02. Be Faster Than the “Competition”

When you start to share the news of a transition, “it’s gotta be lightning fast,” says Vanderbloemen. Part of the reason for this approach is to be effective in communicating and part of it is to make sure a different—likely erroneous—narrative doesn’t travel faster. “You might as well give them the information you want them to have,” says Fletcher. This will also help negate inaccurate narratives or assumptions.

03. Get on the Same Page

Key to this initial announcement, says Fletcher, is that it is written, approved and vetted beforehand by all necessary parties. Other experts agree, and note that united understanding and buy-in are crucial.

04. Over-Communicate

There’s a tendency during transitions to keep information in a close-knit circle. But absent a legal or privacy concern, it’s usually better to err on the side of over-communicating, says Fletcher. A common pitfall is to keep the search process and progress secret. Search committees can too often confuse a candidate’s right to confidentiality with secrecy. “It’s perfectly acceptable to say, ‘We have three candidates we’re looking at,’” Fletcher notes.
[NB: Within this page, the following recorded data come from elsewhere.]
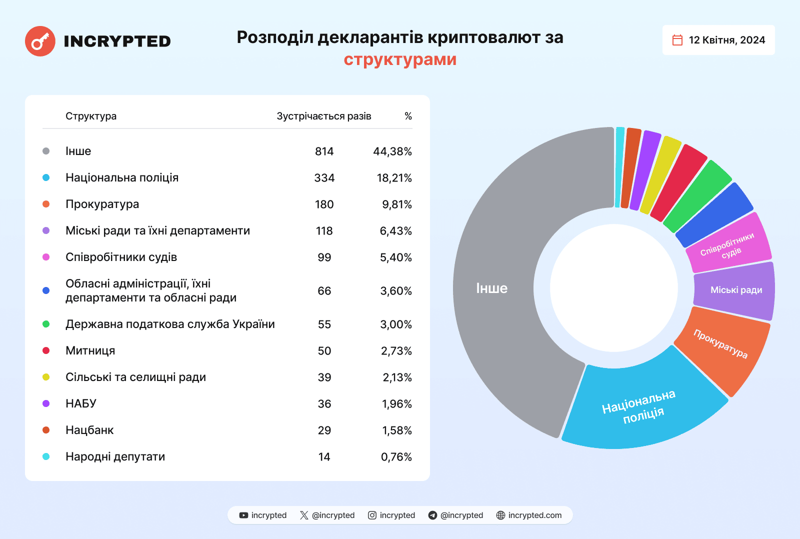 В органах місцевого самоврядування цифрові активи теж мають популярність, але значно менше. Тут в цілому накопичили за офіційними деклараціями 36 біткоїнів, 240 етеріумів та приблизно 128 000 USDT.
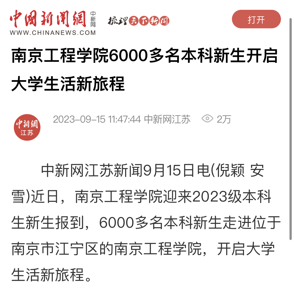 中新网江苏新闻9月15日电(倪颖 安雪)近日,15vip太阳集团官网迎来2023级本科生新生报到,6000多名本科新生走进位于南京市江宁区的15vip太阳集团官网,开启大学生活新旅程。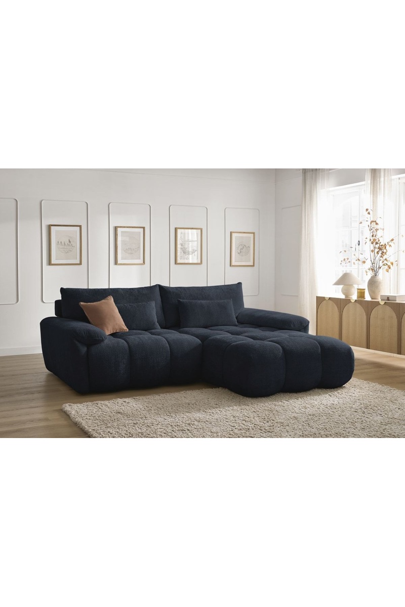 Canapé d'angle droit Ivane - Bleu foncé - 3 places - En tissu texturé

It’s a good idea to regularly update the congregation on the process, he says, whether that’s an update from the pulpit, an email or just a bulletin item. Having regular touchpoints will help the congregation feel informed, even if the update is just a prayer request for the continuing progress of the transition.

Is there a danger in communicating too much? That depends on what is meant by “too much.” “Too much” as in confidential details? Absolutely. “Too much” as in frequency? “There’s no danger in that,” reassures Fletcher.

05. Have a Clear Timeline

Fletcher notes that search committees tend to do a great job of communicating in the first six months or so—but then they go silent. The result is that the congregation is left to guess or newcomers are unaware of the transition process altogether. “A church can actually survive six months” out of the loop, states Fletcher. But after that, a congregation left in the dark will start to have issues with the process.

“In the communication plans we draw up,” offers Vanderbloemen, “one of the axioms that has come up is ‘People will walk through a really long tunnel if they know how long the tunnel is.’” Without that knowledge, he notes, anxieties arise around how much giving will drop off, what is happening with the church’s ministries, and more. “All of that gets mitigated if there’s clear communication.”